New Server: Buy & Assemble (Part I)

My current server is 15 years old, and time for an upgrade! Finally! After all, adding additional memory is not good enough and we hitting the limits of the old hardware. We will replace the whole server from the ground-up.

Although during covid-19 pandemic it’s not the best moment to assemble a new computer, due to the limited stock availability. Luckily, I don’t need a GPU in this server, I won’t advice others to buy a PC at this moment. Not only the GPUs (both AMD & Nvidia) but also the latest Ryzen 5000 series CPUs are hard to get and overpriced. Even second hand (I call them crappers; reselling the product for more by taking profit themselves), don’t do that.

Anyway, I digress. Let’s continue with my journal to buy, assemble, configure and setup the whole new server.
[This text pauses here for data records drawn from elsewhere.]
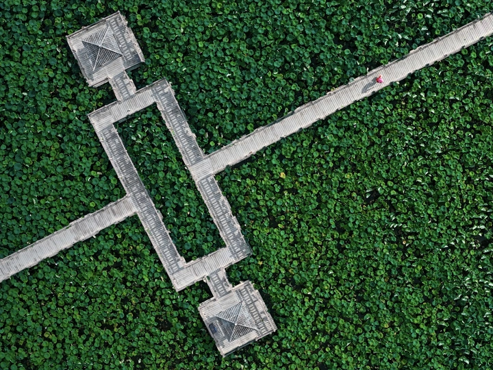 画面展现了一幅独特的景观,大片葱郁的绿色植物铺展成广阔的背景,其间纵横交错着木质栈道。栈道造型别致,蜿蜒延伸,形成富有几何美感的图案。栈道上还有身着鲜艳衣物的行人,为画面增添了灵动的气息。整体给人一种自然与人文巧妙融合的美感,静谧中透着生机。
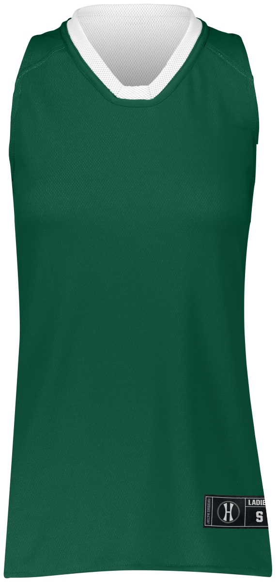 Holloway 224378.436.L Ladies Dual-Side Single Ply Basketball Jersey, Forest & White - Large
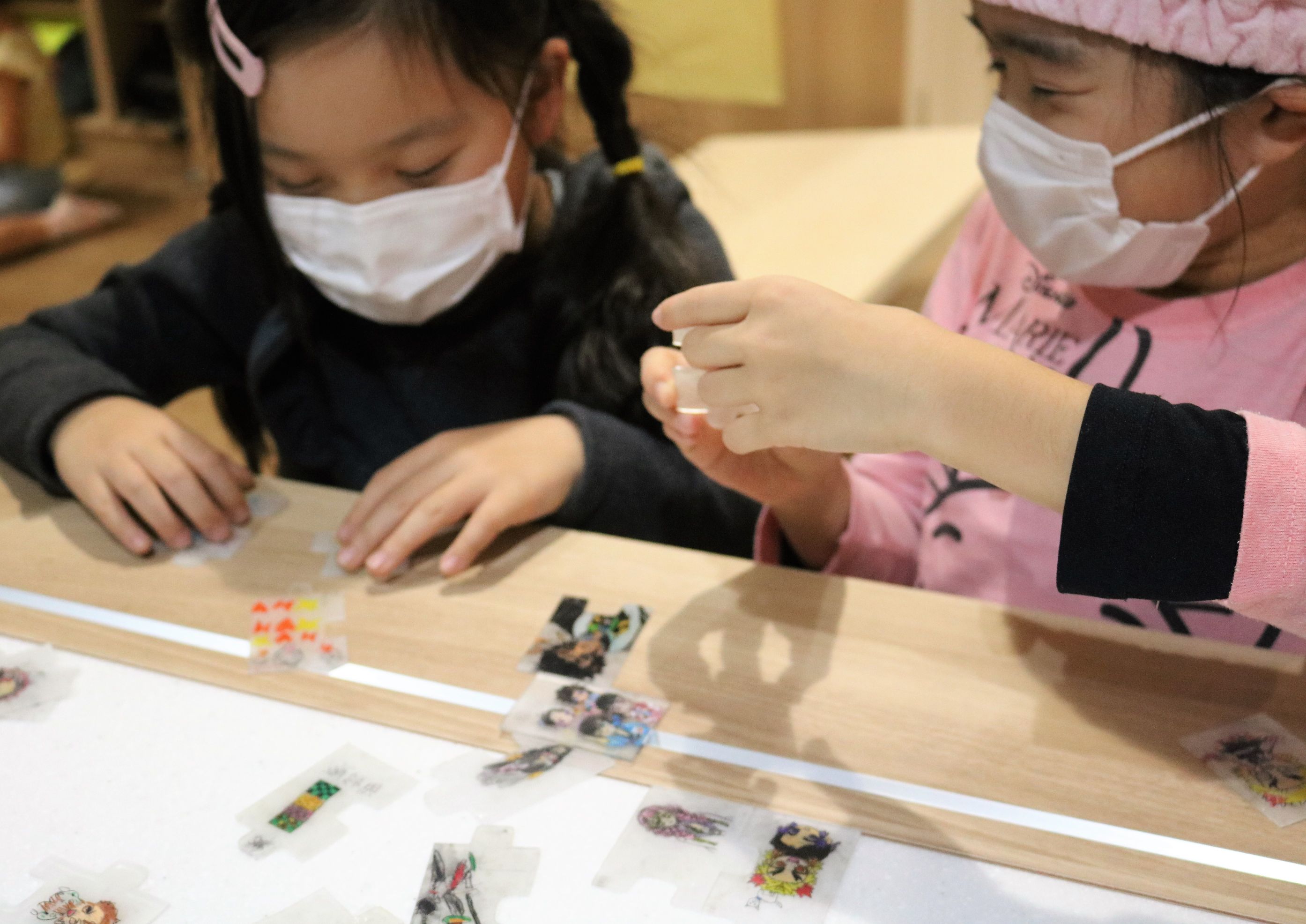 みんなの作ったプラ板のパズルを合わせてみたり…

Important: This article is part of a series of the new server “Buy & Assemble”, “Install & Setup” and “Advanced Configuration” items and maybe more. So be sure you won’t miss any upcoming articles and Subscribe to the mailing list (on the right menu).

Hardware Specs

I want to use my server for running several services, including but not limited to: Nextcloud, GitLab, Matrix Synapse, TeamSpeak, Tor Relay node, Gitea, Influx + Granfana and web hosting (Nginx, MySQL, Postgres, Redis, memcached). Plus I run many docker containers and the server needs to be ‘future ready’. Notice that I don’t use the word ‘future proof’, since that is not possible with all the changes in the IT world.

Bottom-line: I will buy the high-end desktop hardware and use it as my server. At the same time, also looking at the electricity energy usage (kWh). Especially for components like the CPU (I won’t use a GPU, so forget about that).

The hardware component list of my server:

  • Processor: AMD Ryzen 7 3700X
  • CPU Cooler: Noctua NH-U12S
  • Memory: Crucial Ballistix 32GB DDR4 3600MT/s CL16 (2x16GB)
  • Motherboard: MSI MEG X570 UNIFY
  • Network adapter: ASUS XG-C100C
  • Power supply: BE QUIET! STRAIGHT POWER 11 | 550W Platinum
  • Case: Be Quiet! Silent Base 802 Black
  • Disks:
    • 1x WD Black SN850 NVMe SSD 500GB (OS disk)
    • 2x WD Black SN850 NVMe SSD 1TB (Data, RAID-1: Mirroring)
    • 2x Crucial MX500 SSD 1TB (Extra data, RAID-0)

In-depth component selection choices

It is quite a list! 😮 Of-course I went for AMD Ryzen processor with only 65 Watt power usage at maximum load. Together with the latest X570 motherboard, supporting even the latest Ryzen Zen 3 processors if we want to upgrade later down the road.
X570 also include PCIe 4.0 support/lanes required for the WD Black SSDs connected via PCIe. WD Black SN850 have read speed up-to 7GBytes/s. Keep in mind, those WD Black SSDs aren’t advised for servers, but should work just fine. 😎

The memory is very fast memory (3600Mhz! with CL16 timing), all Ryzen processors enjoy fast memory and the selected speed is sweat spot for current Ryzen systems.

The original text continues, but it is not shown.